Keller ISD’s spokesperson told the Report that “At this time, Keller ISD’s Board of Trustees has not yet had discussions regarding SB 763, and agenda items have not yet been scheduled for meetings that far in advance.”
Lake Worth ISD
Lake Worth ISD’s spokesperson told the Report that “A decision has not been made at this time as we are still reviewing our options,” and that the district expects to have a decision by the end of the fall semester.

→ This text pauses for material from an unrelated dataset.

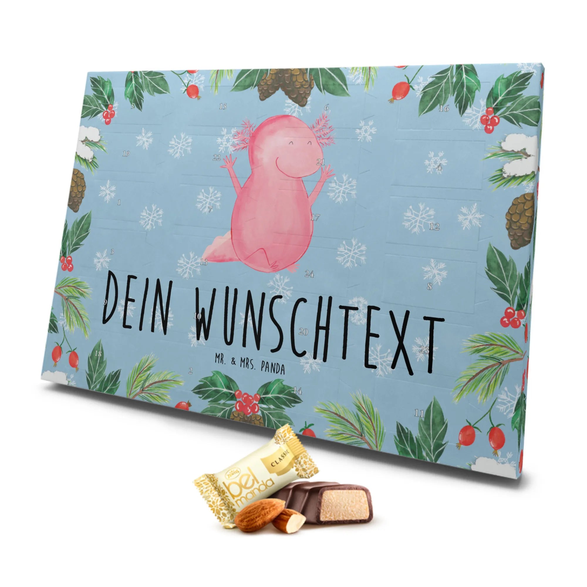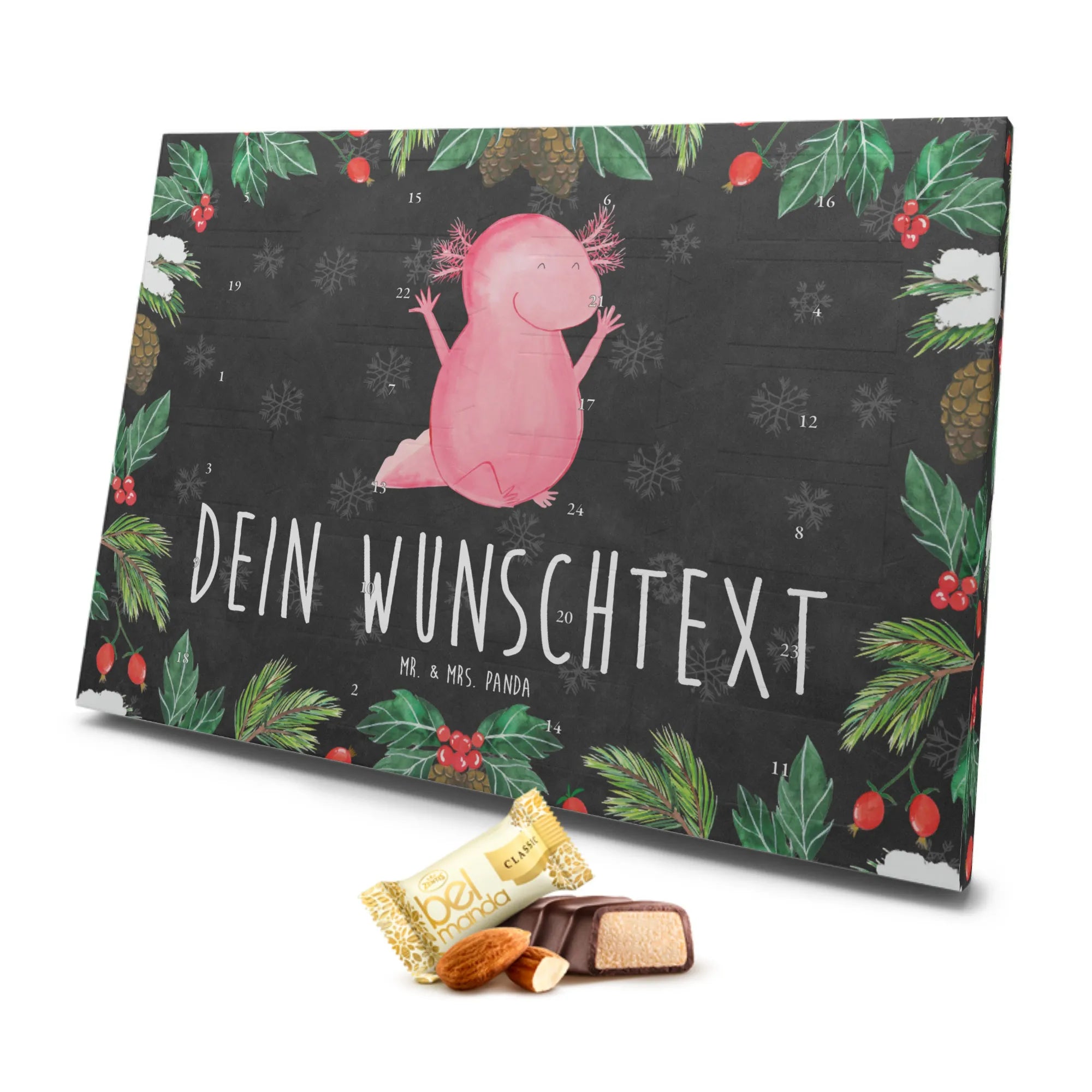 Jeder, der einen Axolotl liebt, wird sich über diesen Adventskalender freuen. Damit ein Geschenk nicht nur schön, sondern auch unvergesslich wird, ist dieser personalisierte Adventskalender genau das Richtige.

Northwest ISD’s spokesperson told the Report that the school district “will continue to employ qualified school counselors for school counseling work. We do not have any plans to implement chaplains for school counseling work. We do not currently have a date set for a board vote on the matter but will do so in compliance with the law.”
White Settlement ISD
White Settlement ISD’s spokesperson told the Report that “We have been very fortunate in [White Settlement] ISD to add to our counseling department over the past couple of years. In 2021, our voters approved a Tax Ratification Election that allowed us to add a counseling director as well as two additional counselors at the secondary level. Last year, we partnered with Invicta Services Group to provide five additional counselors and family counseling in [White Settlement] ISD. We also partnered with Communities in Schools to provide two additional social workers. At this time, the board does not have plans to adopt the chaplain policy because there is not a need.”